AHHHHH,,, THOSE WERE THE DAYS!!!
post #3 of 8
It was an interesting time. Tomba was redefining the way to ski fast. While the rest were still moving their CM's up and forward with their skis through the transition, he was staying low and moving down the hill and across his skis. He still needed to knee angulate, and throw in a bit of a divergent step, because of the nature of the sticks he was riding,,, but the new level of anticipated inclination he introduced helped set him apart.
post #4 of 8
Gimme Stenmark
post #5 of 8
Quote:
Originally Posted by Rick View Post
Diverging steps
Can you elaborate on this technique.
post #6 of 8
Quote:
Originally Posted by Max_501 View Post
Can you elaborate on this technique.
Sure Max. A skating type step executed at the end of a turn. A means of compensating for the sidecut limitations. They couldn't carve the entire turn, so a pivot at the start of the turn and/or a diverging skating step at the end of the turn was used, with a carve in between.

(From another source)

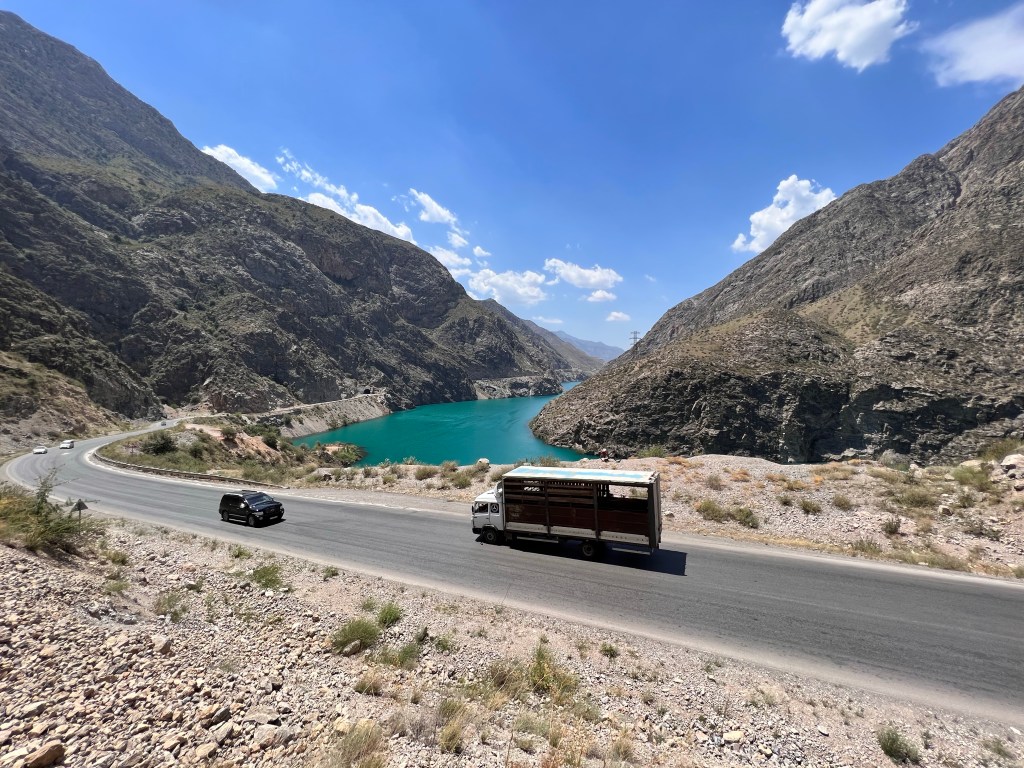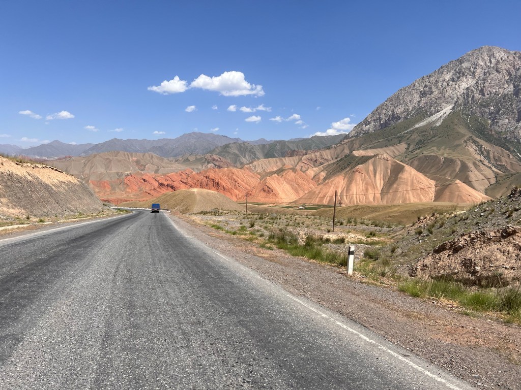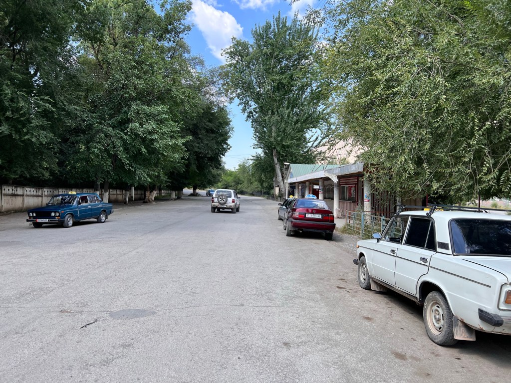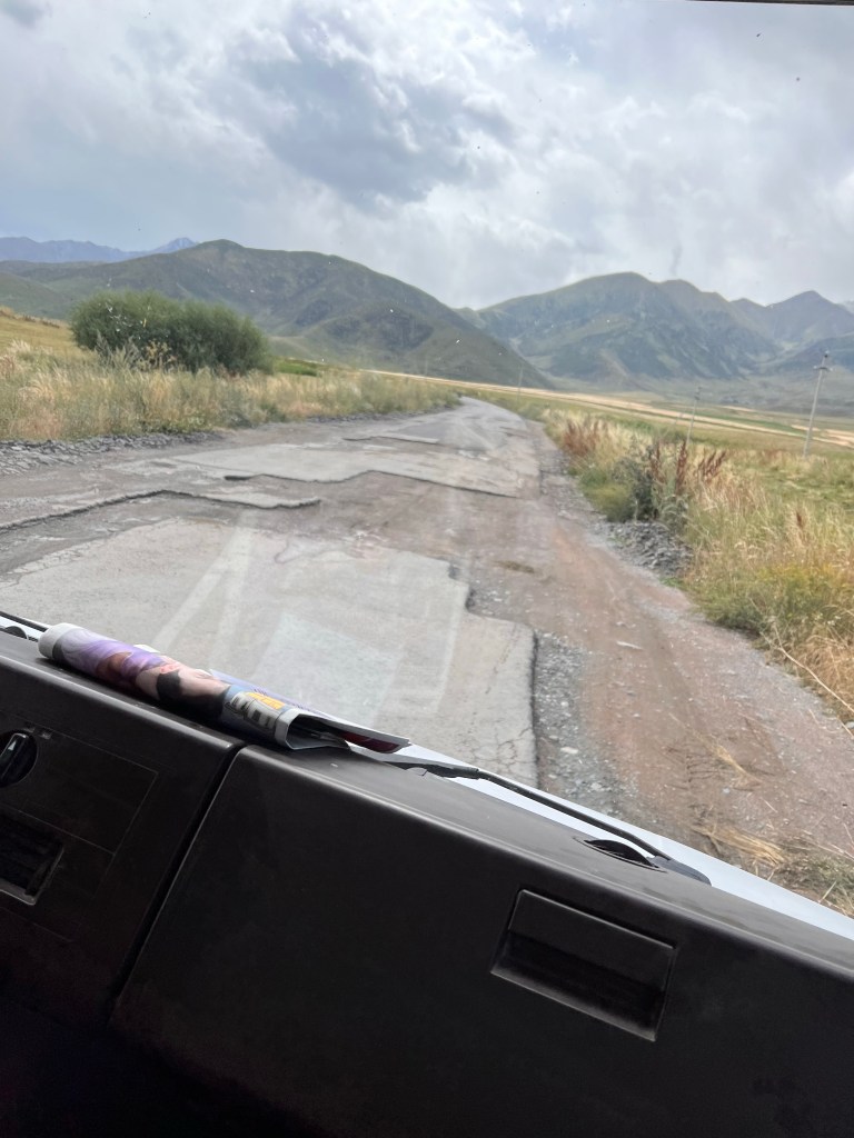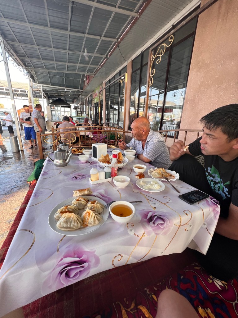 Wir verließen den Basar und schon ging das Rennen-fahren los. Noch in Osh wurden die ersten roten Ampeln überfahren und ich dachte mir so, „ok, was geht hier ab?“. Nachdem wir dann noch angehalten haben und ca. 20 min. warteten, kamen die nächsten 5 Personen hinzu. Die natürlich alle an mir und dem älteren Herrn vorbei unter das Dach krabbelten und dort die ganze Fahrt lagen. Insgesamt 7 Leute haben dort gelegen, unvorstellbar für mich bei dieser Fahrweise, die der Fahrer an den Tag legte. Es ging mit ca. 100 – 120 km/h innerorts, wie außerorts, immer auf der linken Spur manchmal zu dritt oder zu viert, mit Gegenverkehr dahin. Das Radio voll aufgedreht und gefühlt immer Vollgas. In Deutschland hätte der Gute nach einem Kilometer mit Sicherheit schon 3x den Führerschein abgeben müssen. Nach 4 h gab es dann die erste Pause und wir hielten in einem Restaurant. Ich gönnte mir Manty und Tee.

Stenmark was the dominant force on the WC before Tomba, and he made a career out of the diverging step, in both GS and SL. As evidenced by the video BigE linked, it was still pervasively used in 88.
post #7 of 8
Quote:
Originally Posted by Rick View Post
Sure Max. A skating type step executed at the end of a turn. A means of compensating for the sidecut limitations. They couldn't carve the entire turn, so a pivot at the start of the turn and/or a diverging skating step at the end of the turn was used, with a carve in between.

Stenmark was the dominant force on the WC before Tomba, and he made a career out of the diverging step, in both GS and SL. As evidenced by the video BigE linked, it was still pervasively used in 88.
Thanks for the explanation. This was all before I got into skiing.
post #8 of 8
Nice link, BigE!

Lots of lifting and tipping in those turns, eh? Of course, Rick hit on the essential elements, but by observation you can see sources for a lot of the movements that we discuss here.